- **Activity**
Every record below should be repeated word for word, with the pictures left out.

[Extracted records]
● ● ● ●

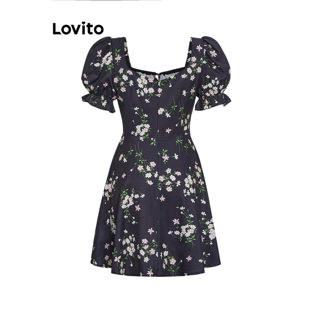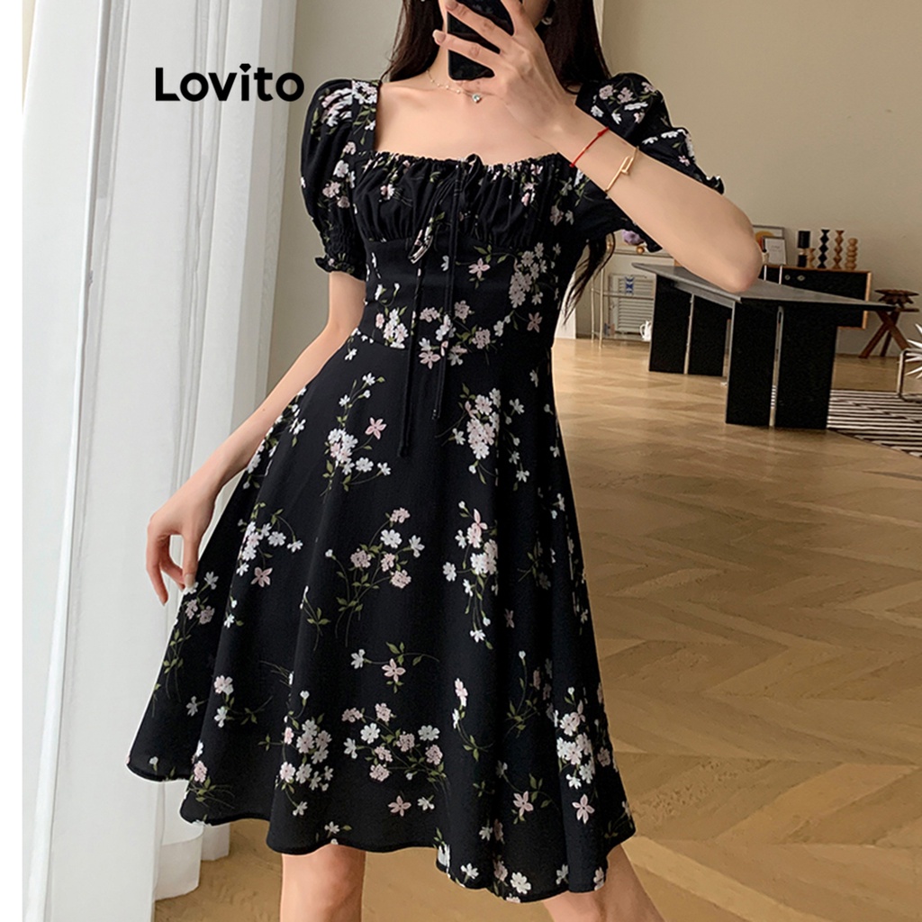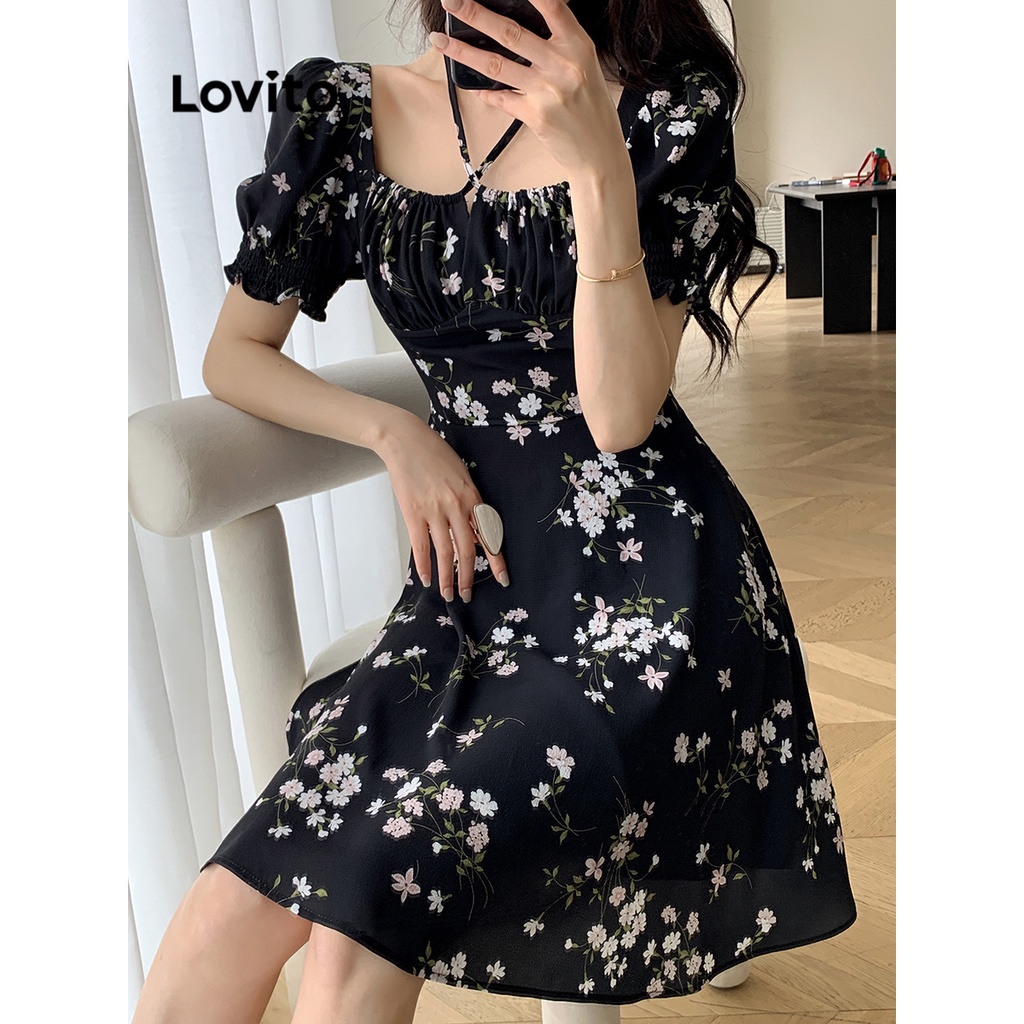 Lovito Casual Ditsy Floral Lace Up Dress for Women L68ED190 (Black)
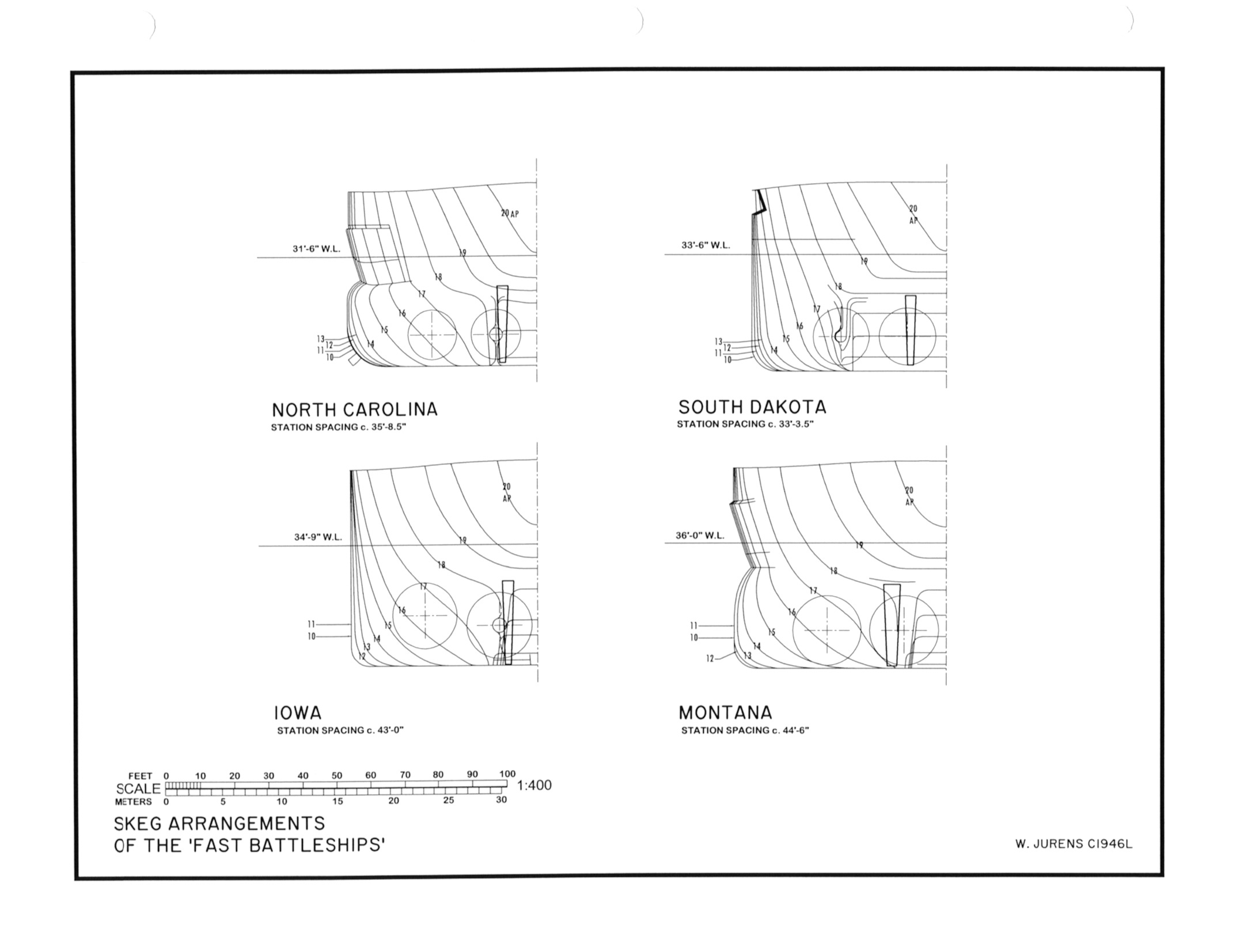 In 1944 BuShips during a cruiser design reviewed the Iowas characteristics. To remedy some errors they suggested to reduce lenght by 40 feet and add a beam or blister of 6′ on both sides covering the ship’s length between the main armored transverse bulkheads. This would have undoubtledly improve torpedo protection but definitely reduce maximum speed to 30-31 knots. They also suggested features taken from the Montanas, like much more subdivided machinery and the elminiation of the aft lower armored belt and it’s armored deck in favor of armored tubes containing the steering leads.
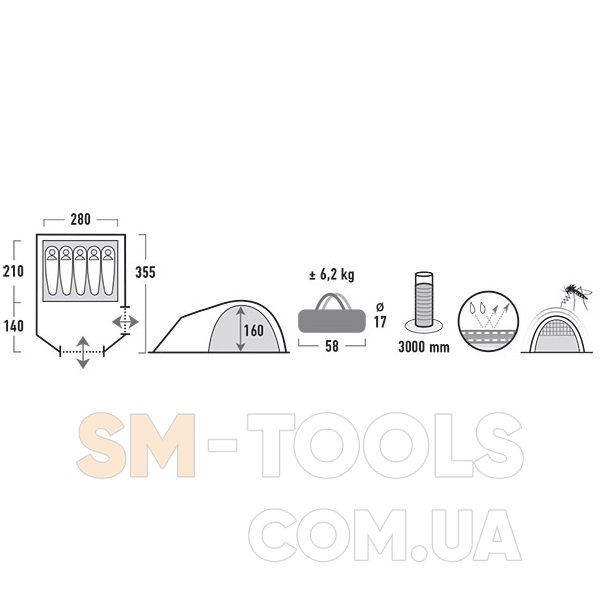 Габариты внешней палатки (ДхШхВ), мм: 3550x2850x1650
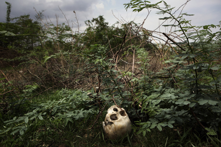 A skull lies on the ground near a Buddhist graveyard that appears to have been recently desecrated in Meikhtila, Myanmar (Burma) on May 23, 2013. In the four days of ethnic violence starting on March 21st, 2013 over 43 people were killed in Meikhtila and nearly 13,000 people, mostly Muslims, were driven from their homes and businesses.
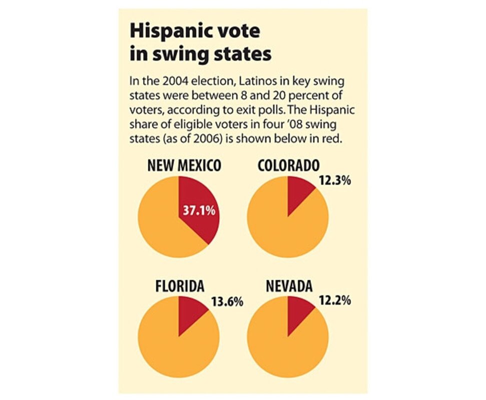 Despite the low number, this potential swing vote is concentrated in a few hotly contested states. Senator Obama last week was blunt about Hispanics' importance: "This election could well be decided by Latino voters." In the 2004 election, 40,000 Latinos registered to vote in New Mexico didn't turn out, and Democrat John Kerry lost the state by fewer than 6,000 votes.
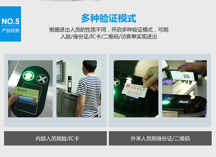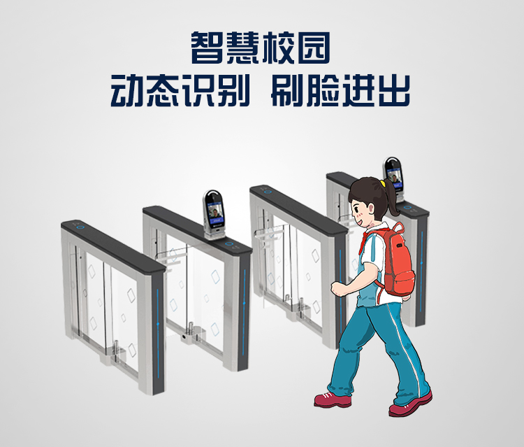 广泛用于大型工厂、智慧园区、学校等。可提前批量导入人脸图像,人员进出时实现刷脸开闸,提升来访体验,提升企业单位高端形象;同时,智能通道闸可防水、防撞、防尾随,增加产品的使用价值,提升单位进出的安全性。
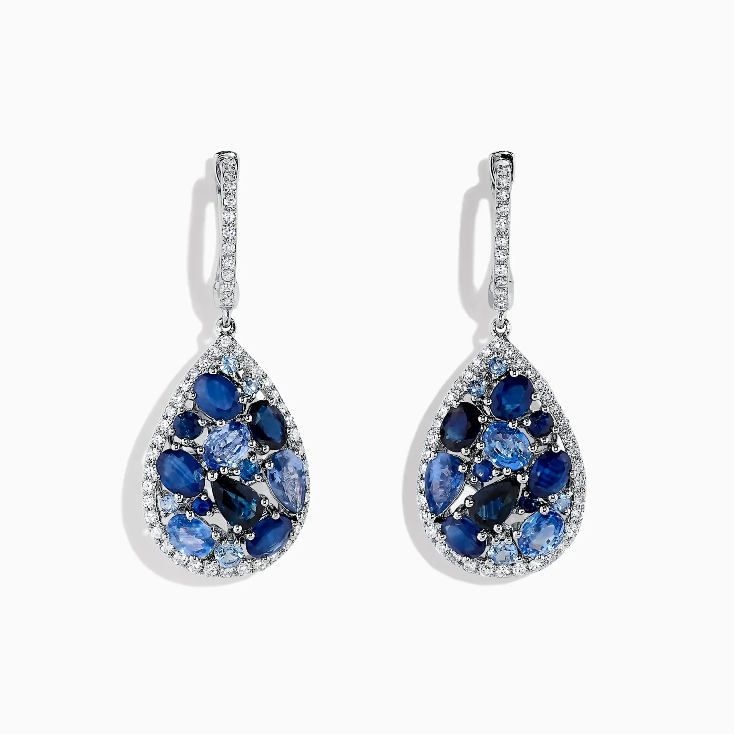 Effy Gemma 14K White Gold Sapphire and Diamond Teardrop Earrings, 4.31 TCW
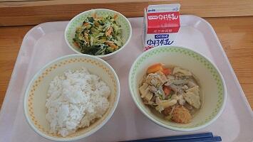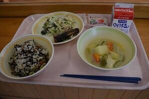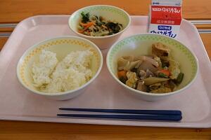 さつまいもごはん、高野豆腐の卵とじ、りっちゃんのサラダ、牛乳
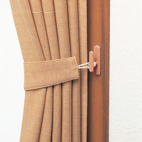 粘着テープで取り付けるタイプのカーテンふさ掛け2個入りです。
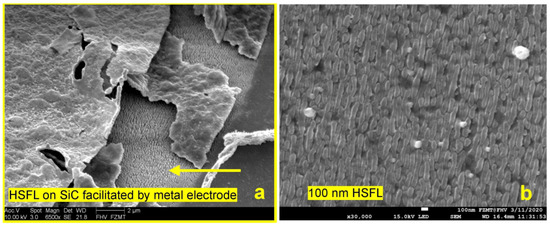 (a) Backside formation of HSFLs between a metal electrode and SiC sample surface due to LIPAA effect indicated by the yellow arrow; (b) 100 nm hatched (depicted by yellow line) HSFLs produced with LIPAA.
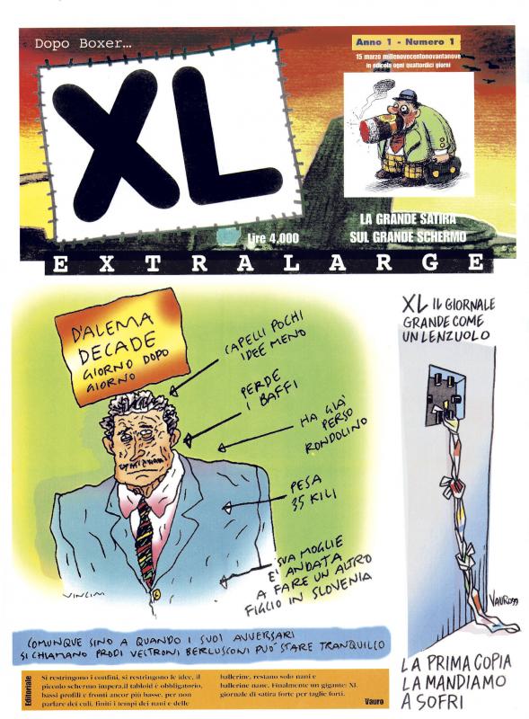 ES2 - XL EXTRALARGE (nn. 1/6 - 15 marzo/21 maggio 1999 - 16 pgg. autocop. - cm 28,2 x 42,5 pc - 4 + 4 - Lire 4.000), Editrice Donna, 1999. Rivista di satira diretta da Vauro Senesi sulla scia di BOXER, con cui condivide gran parte dei collaboratori. Esce inizialmente come allegato a IL MANIFESTO poi diventa testata autonoma.
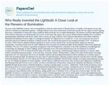 This essay about the creation of the lightbulb highlights the collective brilliance and ingenuity involved in its development. It acknowledges not just Thomas Edison, but also other key figures such as Humphry Davy, Frederick de Moleyns, John W. Starr, Joseph Swan, Lewis Latimer, Nikola Tesla, and Alexander Lodygin. Their combined efforts and innovations in electric lighting and power transmission paved the way for modern illumination, showcasing the collaborative nature of human progress.
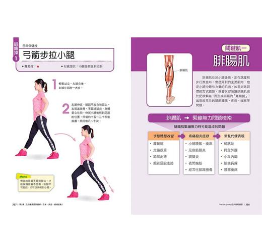 其次是強化與走路最有關的肌肉群,以補強現代人久坐、久站的腰腹臀腿無力現象,黃如玉醫師特別親自設計與示範腰方肌、臀大肌、腓腸肌等十組共三十式關鍵肌群速感鍛練操。在書中除了仔細介紹這些關鍵肌群在行走時所扮演的重要機能,更貼心提供當該肌群緊繃無力時,造成的步態與體態改變,因而引發的疼痛發炎症狀,以及你不知道的身體代償表現等重要醫學知識,只要循著這些健康提醒,就能找出自己最需要鍛鍊的肌肉群。以腰方肌緊繃無力來說,步態體態改變包括:骨盆前傾、翹著屁股走路、小腹凸出等→疼痛發炎症狀:椎間盤突出、腰椎退化、臀部疼痛等→常見代償表現:西洋梨型身材、上背痛、肩頸痠痛等。所以,只要把這些動作成為日常保養操,擊退痠痛、正脊又美肌。
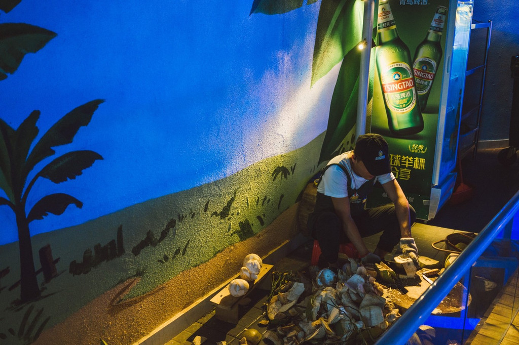 门口就有一直在砍椰子的人,为我们提供美味的椰子汁,这也是一个寂寞的职业,一个人一天不知道要砍多少个,如果遇到了这样的人,不如和他聊聊天。

● ● ● ●

- **Task output**
 Lovito Casual Ditsy Floral Lace Up Dress for Women L68ED190 (Black)
 In 1944 BuShips during a cruiser design reviewed the Iowas characteristics. To remedy some errors they suggested to reduce lenght by 40 feet and add a beam or blister of 6′ on both sides covering the ship’s length between the main armored transverse bulkheads. This would have undoubtledly improve torpedo protection but definitely reduce maximum speed to 30-31 knots. They also suggested features taken from the Montanas, like much more subdivided machinery and the elminiation of the aft lower armored belt and it’s armored deck in favor of armored tubes containing the steering leads.
 Габариты внешней палатки (ДхШхВ), мм: 3550x2850x1650
 A skull lies on the ground near a Buddhist graveyard that appears to have been recently desecrated in Meikhtila, Myanmar (Burma) on May 23, 2013. In the four days of ethnic violence starting on March 21st, 2013 over 43 people were killed in Meikhtila and nearly 13,000 people, mostly Muslims, were driven from their homes and businesses.
 Despite the low number, this potential swing vote is concentrated in a few hotly contested states. Senator Obama last week was blunt about Hispanics' importance: "This election could well be decided by Latino voters." In the 2004 election, 40,000 Latinos registered to vote in New Mexico didn't turn out, and Democrat John Kerry lost the state by fewer than 6,000 votes.
 广泛用于大型工厂、智慧园区、学校等。可提前批量导入人脸图像,人员进出时实现刷脸开闸,提升来访体验,提升企业单位高端形象;同时,智能通道闸可防水、防撞、防尾随,增加产品的使用价值,提升单位进出的安全性。
 Effy Gemma 14K White Gold Sapphire and Diamond Teardrop Earrings, 4.31 TCW
 さつまいもごはん、高野豆腐の卵とじ、りっちゃんのサラダ、牛乳
 粘着テープで取り付けるタイプのカーテンふさ掛け2個入りです。
 (a) Backside formation of HSFLs between a metal electrode and SiC sample surface due to LIPAA effect indicated by the yellow arrow; (b) 100 nm hatched (depicted by yellow line) HSFLs produced with LIPAA.
 ES2 - XL EXTRALARGE (nn. 1/6 - 15 marzo/21 maggio 1999 - 16 pgg. autocop. - cm 28,2 x 42,5 pc - 4 + 4 - Lire 4.000), Editrice Donna, 1999. Rivista di satira diretta da Vauro Senesi sulla scia di BOXER, con cui condivide gran parte dei collaboratori. Esce inizialmente come allegato a IL MANIFESTO poi diventa testata autonoma.
 This essay about the creation of the lightbulb highlights the collective brilliance and ingenuity involved in its development. It acknowledges not just Thomas Edison, but also other key figures such as Humphry Davy, Frederick de Moleyns, John W. Starr, Joseph Swan, Lewis Latimer, Nikola Tesla, and Alexander Lodygin. Their combined efforts and innovations in electric lighting and power transmission paved the way for modern illumination, showcasing the collaborative nature of human progress.
 其次是強化與走路最有關的肌肉群,以補強現代人久坐、久站的腰腹臀腿無力現象,黃如玉醫師特別親自設計與示範腰方肌、臀大肌、腓腸肌等十組共三十式關鍵肌群速感鍛練操。在書中除了仔細介紹這些關鍵肌群在行走時所扮演的重要機能,更貼心提供當該肌群緊繃無力時,造成的步態與體態改變,因而引發的疼痛發炎症狀,以及你不知道的身體代償表現等重要醫學知識,只要循著這些健康提醒,就能找出自己最需要鍛鍊的肌肉群。以腰方肌緊繃無力來說,步態體態改變包括:骨盆前傾、翹著屁股走路、小腹凸出等→疼痛發炎症狀:椎間盤突出、腰椎退化、臀部疼痛等→常見代償表現:西洋梨型身材、上背痛、肩頸痠痛等。所以,只要把這些動作成為日常保養操,擊退痠痛、正脊又美肌。
 门口就有一直在砍椰子的人,为我们提供美味的椰子汁,这也是一个寂寞的职业,一个人一天不知道要砍多少个,如果遇到了这样的人,不如和他聊聊天。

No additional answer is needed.